## Work request
Range to copy from the entries below: the line containing "CC 25S FLAP" through the line containing "The Teal Bloom", inclusive. Retype only those lines, exactly, without any images.

═══ Exercise input

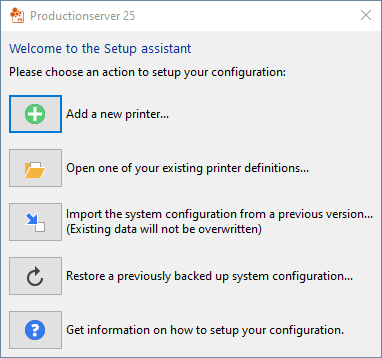 If you are going to use version 25 on the same computer as your current version, we recommend importing the system configuration of the previous version directly into version 25 using the Setup assistant. This contains an import function that allows you to quickly and easily transfer the system configuration from the previous version to V25. This ensures that all your usual settings, profiles, and printer definitions will be directly available in the new software version. You can find out how to use the import function in the Setup assistant in this section.
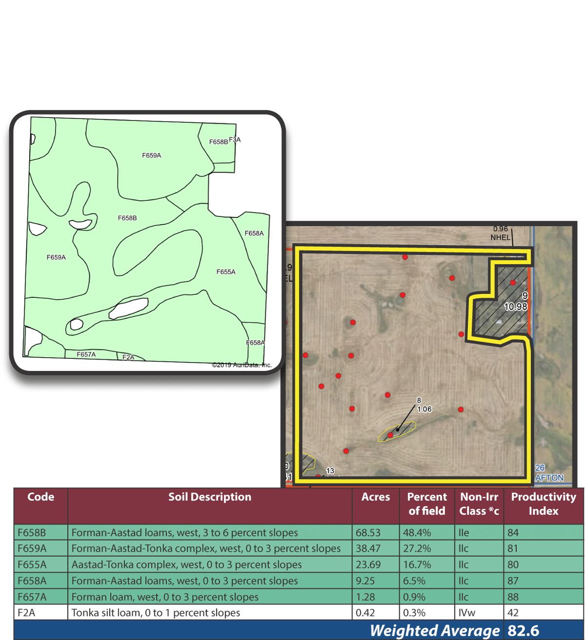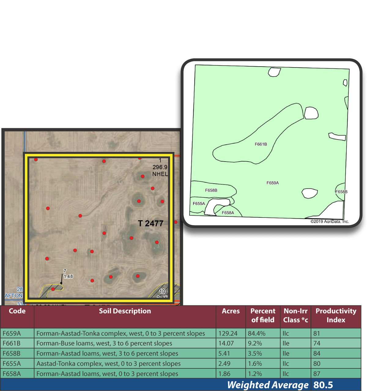 Parcel Note: Parcel 1 features 160 acres of highly productive cropland. Over 80% of the field has a Soil Productivity Index (SPI) of 81!
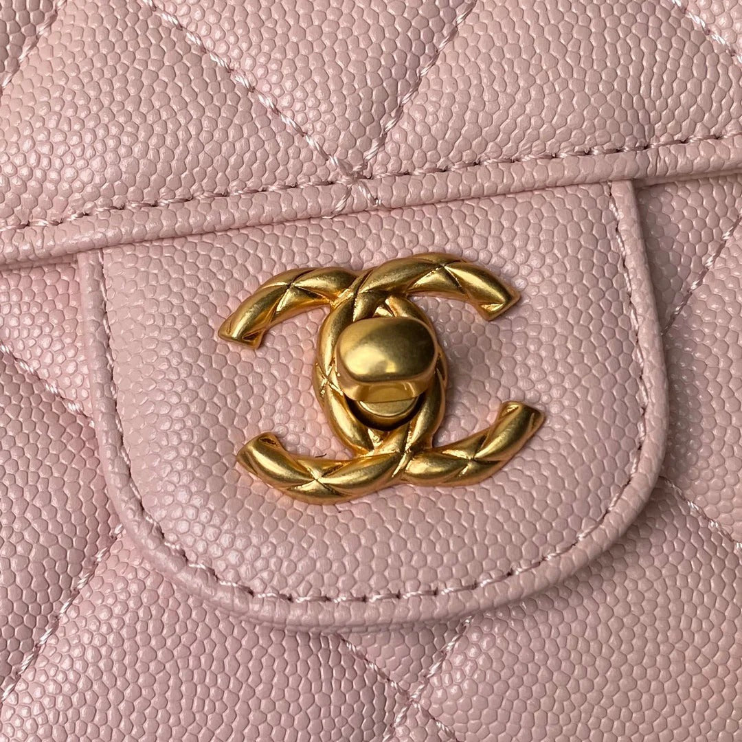 CC 25S FLAP BAG 21 CM IN LIGHT PINK GRAINED LAMBSKIN WITH TOP HANDLE
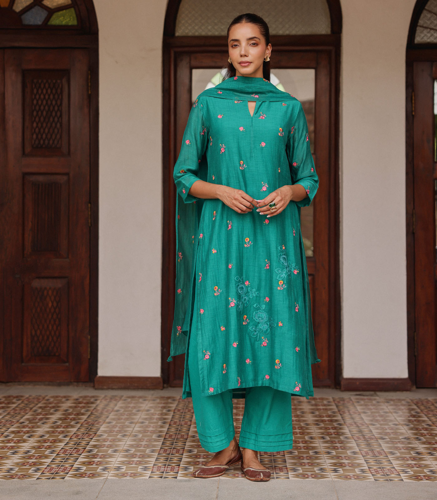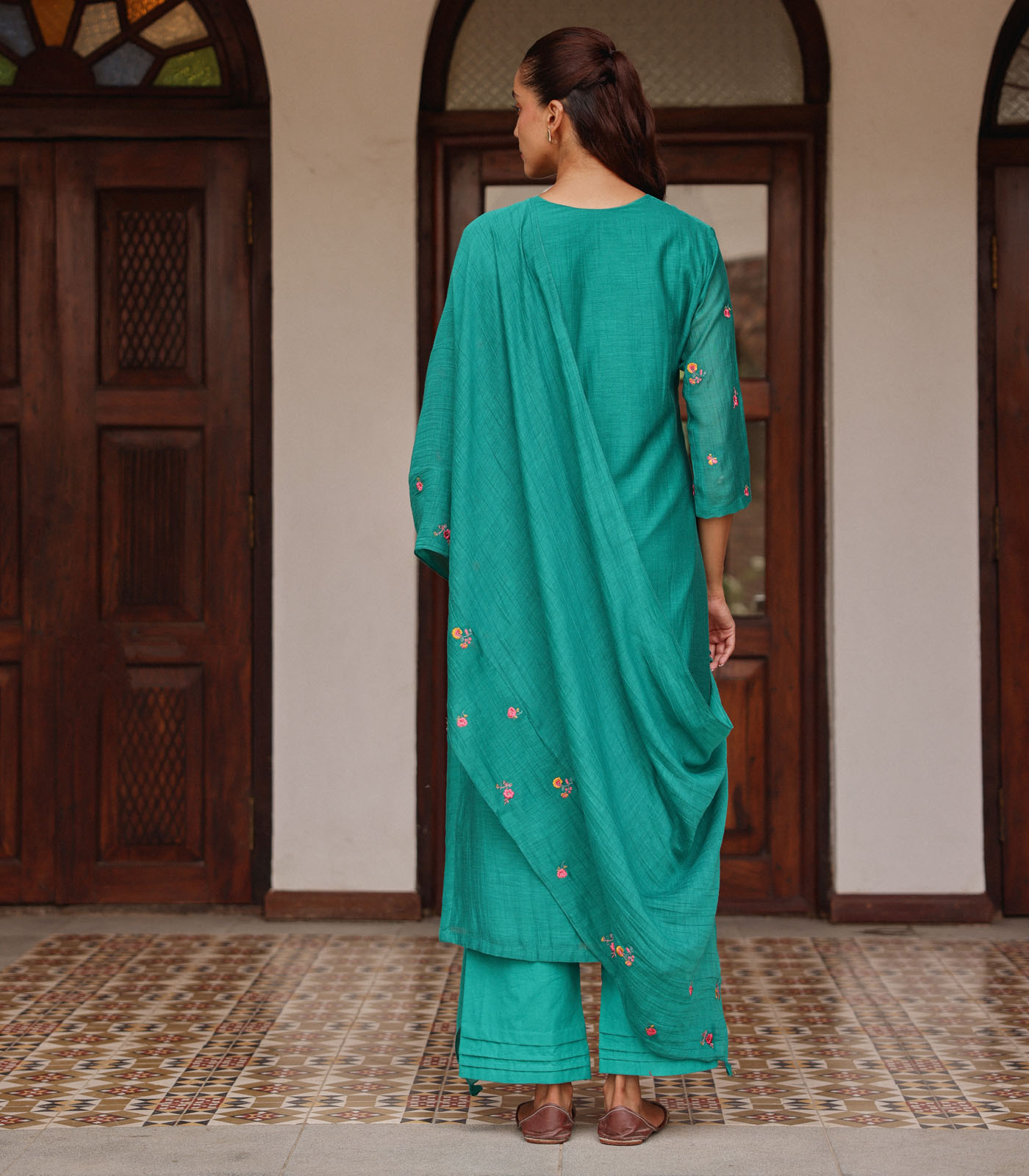 The Teal Bloom Kurta Set is adorned with embroidered blooms artfully scattered across the kurta, complemented by appliqué blooms and intricate thread detailing along the hem. The ensemble is completed with coordinating pants and a dupatta, accentuated with floral motifs and signature tassels, offering a sophisticated and cohesive look.
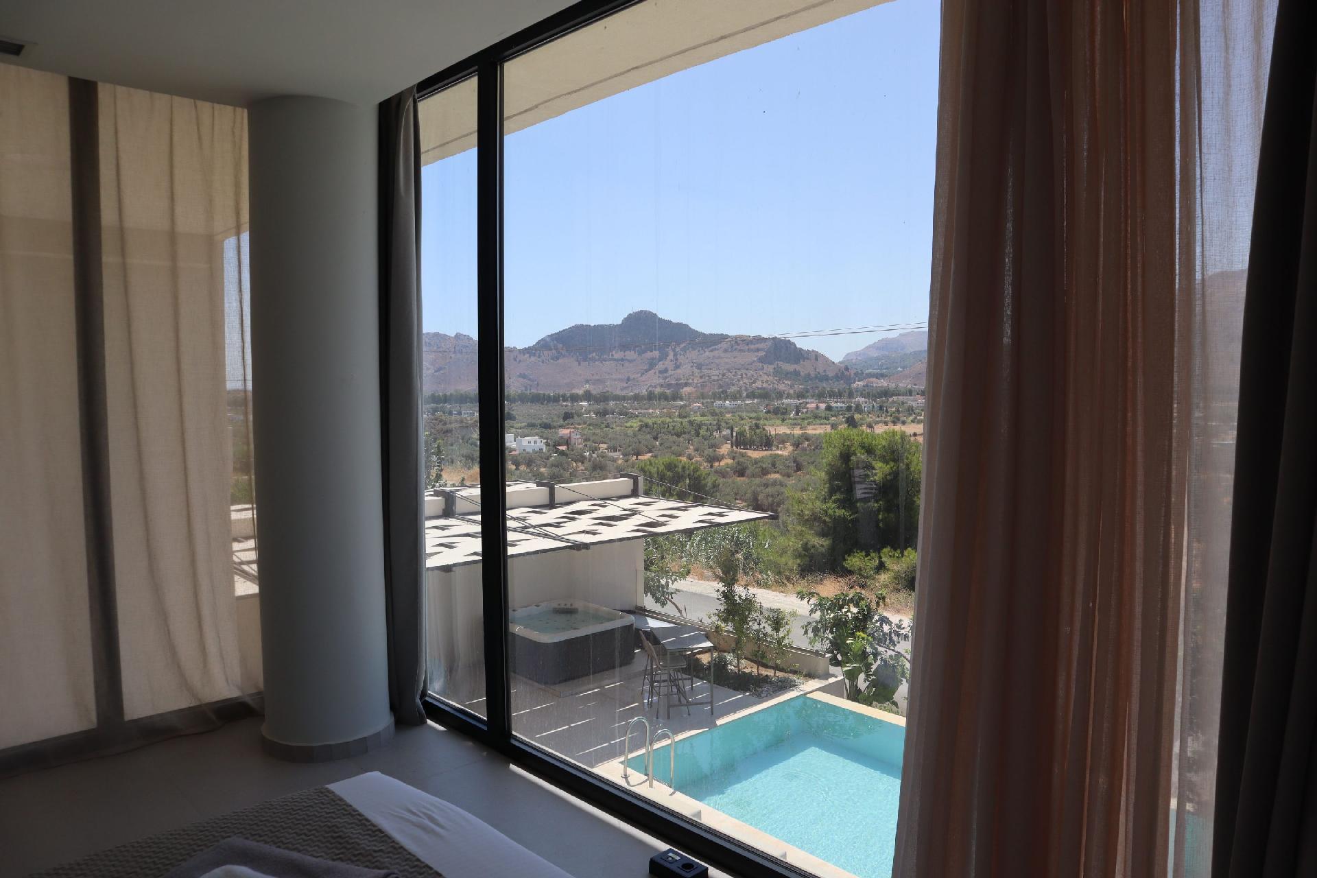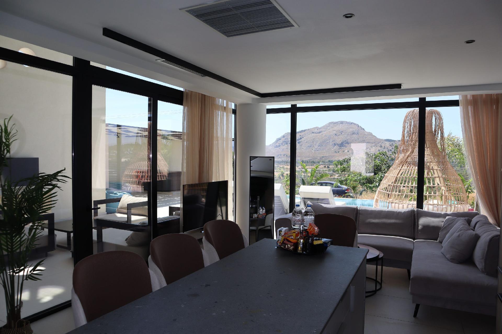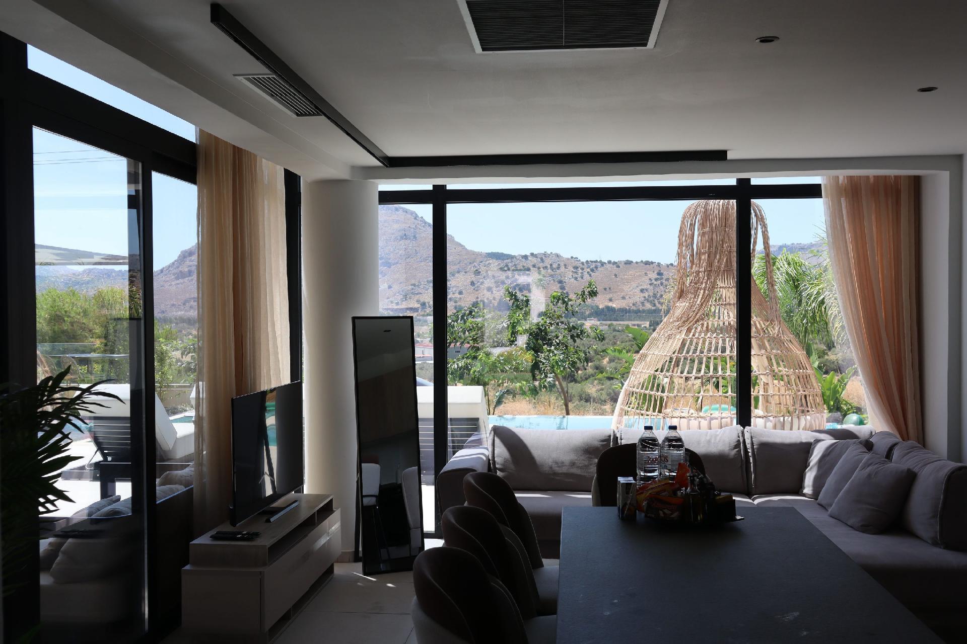 Welcome to the magic luxury living of Trapezia Villas. Trapezia Luxury Living boasts a stunning design that combines modern aesthetics with timeless elegance. Every detail is meticulously crafted to create a sophisticated and luxurious atmosphere. They offers expansive living spaces, including large living rooms, dining areas, and three fully equipped bedrooms with en-suite. The high ceilings and open floor plan enhance the sense of grandeur and provide ample room for relaxation and entertainment. All Trapezia villas are equipped with top-of-the-line amenities to ensure an unparalleled experience of luxury. From a fully-equipped outdoor gourmet kitchen to a private swimming pool and spa, every aspect of comfort and indulgence is taken care of. Trapezia Luxury Living is the epitome of opulence and sophistication, offering a truly exceptional living experience for those seeking the finest in accommodation.Type A villas are two floor luxury detached villas that hosts up to 6 guests.There are 3 fully air-conditioned bedrooms with unique decorations. All of the bedrooms offer ensuite bathrooms with a shower. There’s a fully equipped kitchen in warm colors, suitable for any meal preparation accompanied by the seating area and the living room. There’s a smart TV and free WIFI access throughout the property. Outdoors, there’s a private swimming pool and jacuzzi with sunbeds and a seating area where you can relax under the rays of the Aegean sun. The amazing outdoor kitchen with the dinning are promises memorable dinner’s under the Greek sky. You can spend your time by your private swimming pool or enjoy a fresh meal prepared in the BBQ installation. This amazing property and the beautiful location make the perfect match for a memorable stay and unforgettable holidays in Rhodes!

══════

## Task output
 CC 25S FLAP BAG 21 CM IN LIGHT PINK GRAINED LAMBSKIN WITH TOP HANDLE
 The Teal Bloom Kurta Set is adorned with embroidered blooms artfully scattered across the kurta, complemented by appliqué blooms and intricate thread detailing along the hem. The ensemble is completed with coordinating pants and a dupatta, accentuated with floral motifs and signature tassels, offering a sophisticated and cohesive look.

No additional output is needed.